John O'Brien, the franchise regulator, will be paid an undisclosed sum for the early cancellation of his contract from next April. His role will be carried out by the new shadow authority.

The rail regulator, John Swift, who resigned last week, will be replaced by his chief economic adviser, Chris Bolt, who will remain independent and review the subsidy from trains operators to Railtrack, review access charges, improve Railtrack investment in the rail infrastructure and establish a new deal with the rolling stock companies.

There was also overwhelming support for Mr Prescott when he announced that he has ordered officials to settle a long-running battle with the unions over the Tory government's multimillion-pound raid on the pension funds of bus workers when their firms were privatised.

"I have instructed our lawyers to stop the legal fancy-dancing. I have told them to open discussions with the pension trustees to achieve a just out-of-court settlement, as quickly as possible in the coming months to end this shameful delay," he said.

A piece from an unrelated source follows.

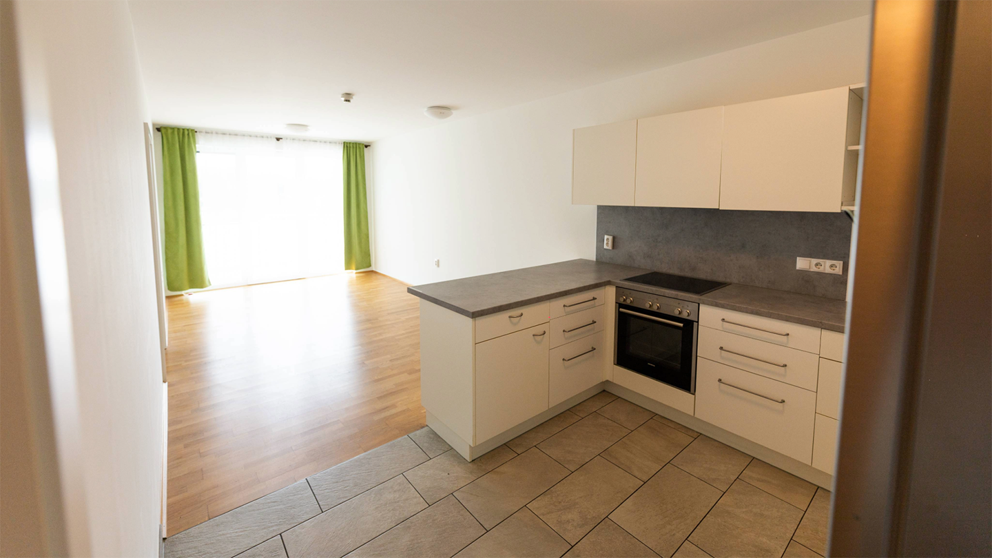 Die 12 barrierefreien Wohnungen eigenen sich für Einzelpersonen und Paare. Jede Wohnung verfügt über eine Wohnküche, ein Schlafzimmer, einen Vorraum, ein Badezimmer mit WC, ein Kellerabteil sowie einen Balkon oder eine Terrasse. Ein überdachter PKW-Stellplatz kann auf Wunsch angemietet werden.

Reassuring the conference that he was not retreating on the Public Transport White Paper, Mr Prescott said he was going ahead with congestion charges on motorists commuting by car into towns and cities, which would allow resources to be redirected into investment to improve public transport. The Transport Bill will be published for consultation, but the implementation could be delayed until there is more time in the Parliamentary timetable. Ministers said that there was no doubt that the Bill would be enacted before the next general election.

Ministers believe that the legislation may be necessary to force some private firms to raise their standards. It will also give the franchise director more powers over Railtrack, the company in charge of the infrastructure of the rail network.

Lew Adams, attending his last conference as general secretary of Aslef, the Associated Society of Locomotive Engineers and Firemen, said he had never seen a transport policy document better than the Government's White Paper. He told delegates: "It will do much to fulfil our aspirations. We must not miss this opportunity." But he was worried about any delay in enacting the legislation.